_Recorded data_.
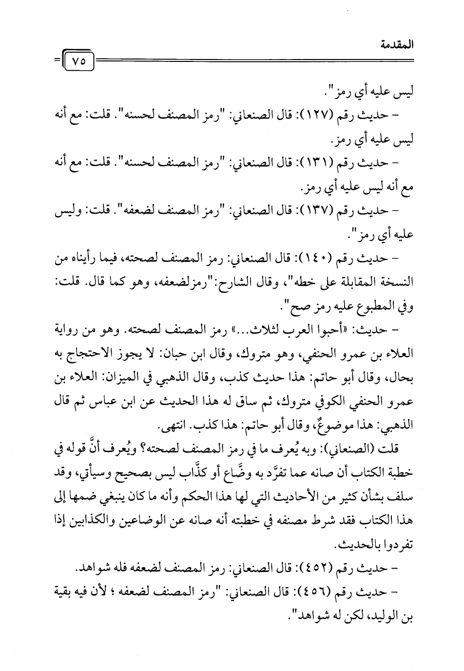 - حديث رقم (137): قال الصنعاني: "رمز المصنف لضعفه". قلت: وليس عليه أي رمز".
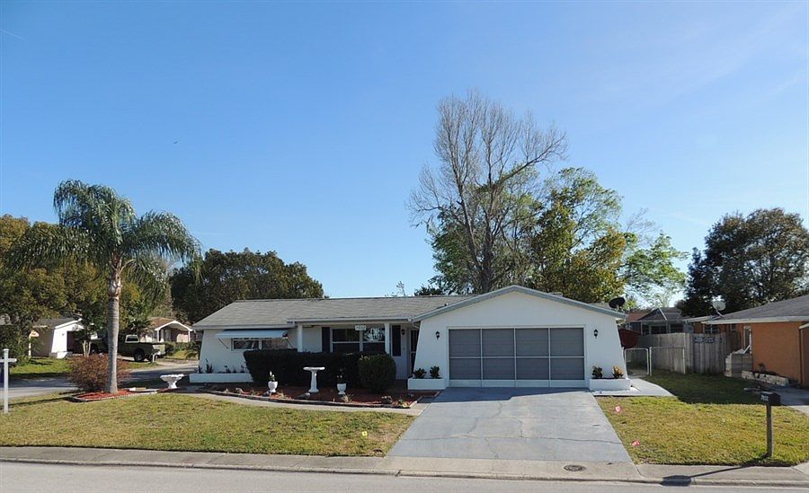 Completely remodeled and put together with a super clean look... Welcome to this beautiful large open floor plan with two bedrooms two family rooms and a sun room that could easily be used as a third bedroom or office. Everything has been renovated and thought of, and some of the upgrades include the following: brand new matching and efficient appliances, vinyl windows and new screens throughout, 2 car garage with screened enclosure, new fixtures and other various plumbing enhancements, earth-toned ceramic tiles for easy cleaning and upgraded baths also to include new vanities, fixtures, mirrors and tiles. The kitchen received a full makeover with cherry colored cabinets and new counter tops. The fully enclosed sun room has been completely refinished and looks out to a lovely backyard complete with shed and fence. The home sits on a large corner lot that encompasses an inviting, mature, landscape with many plants, flowers, bird baths and fresh mulch. Don't miss out on this hidden gem because it's move in ready and houses done this well are few and far between in this area. The New Port Richey Rec Center is less than 2 miles away from the property and offers 3 pools, basketball and tennis courts, a gym and skateboard park, and many other physical fitness activities. The neighborhood is considered golf cart friendly with an optional $25 HOA fee and sits adjacent to Magnolia Valley Golf Course (currently in foreclosure) but that should just mean that ownership is about to change. Relocating from up north? ~ this home would serve as the perfect retirement paradise even for someone in a wheelchair because it has a wrap-around concrete path that completely circles the entire yard!
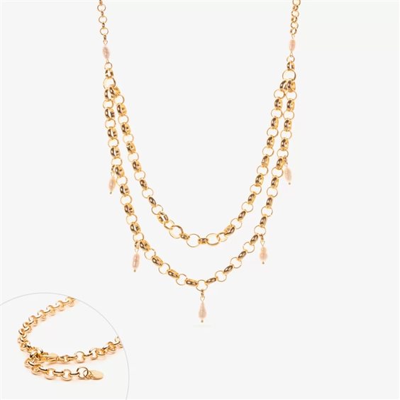 Collana Rondella Imperial Doppio Giro Collana catena rondella di misure miste in alluminio composta da due giri catena con perle scaramazze pendenti. La collana ha una chiusura in acciaio inossidabile. Misura standard di 50cm e dispone di una prolunga finale di 5cm.

_Exercise goal_. Return the data word for word without its pictures.

_Task output_.
 - حديث رقم (137): قال الصنعاني: "رمز المصنف لضعفه". قلت: وليس عليه أي رمز".
 Completely remodeled and put together with a super clean look... Welcome to this beautiful large open floor plan with two bedrooms two family rooms and a sun room that could easily be used as a third bedroom or office. Everything has been renovated and thought of, and some of the upgrades include the following: brand new matching and efficient appliances, vinyl windows and new screens throughout, 2 car garage with screened enclosure, new fixtures and other various plumbing enhancements, earth-toned ceramic tiles for easy cleaning and upgraded baths also to include new vanities, fixtures, mirrors and tiles. The kitchen received a full makeover with cherry colored cabinets and new counter tops. The fully enclosed sun room has been completely refinished and looks out to a lovely backyard complete with shed and fence. The home sits on a large corner lot that encompasses an inviting, mature, landscape with many plants, flowers, bird baths and fresh mulch. Don't miss out on this hidden gem because it's move in ready and houses done this well are few and far between in this area. The New Port Richey Rec Center is less than 2 miles away from the property and offers 3 pools, basketball and tennis courts, a gym and skateboard park, and many other physical fitness activities. The neighborhood is considered golf cart friendly with an optional $25 HOA fee and sits adjacent to Magnolia Valley Golf Course (currently in foreclosure) but that should just mean that ownership is about to change. Relocating from up north? ~ this home would serve as the perfect retirement paradise even for someone in a wheelchair because it has a wrap-around concrete path that completely circles the entire yard!
 Collana Rondella Imperial Doppio Giro Collana catena rondella di misure miste in alluminio composta da due giri catena con perle scaramazze pendenti. La collana ha una chiusura in acciaio inossidabile. Misura standard di 50cm e dispone di una prolunga finale di 5cm.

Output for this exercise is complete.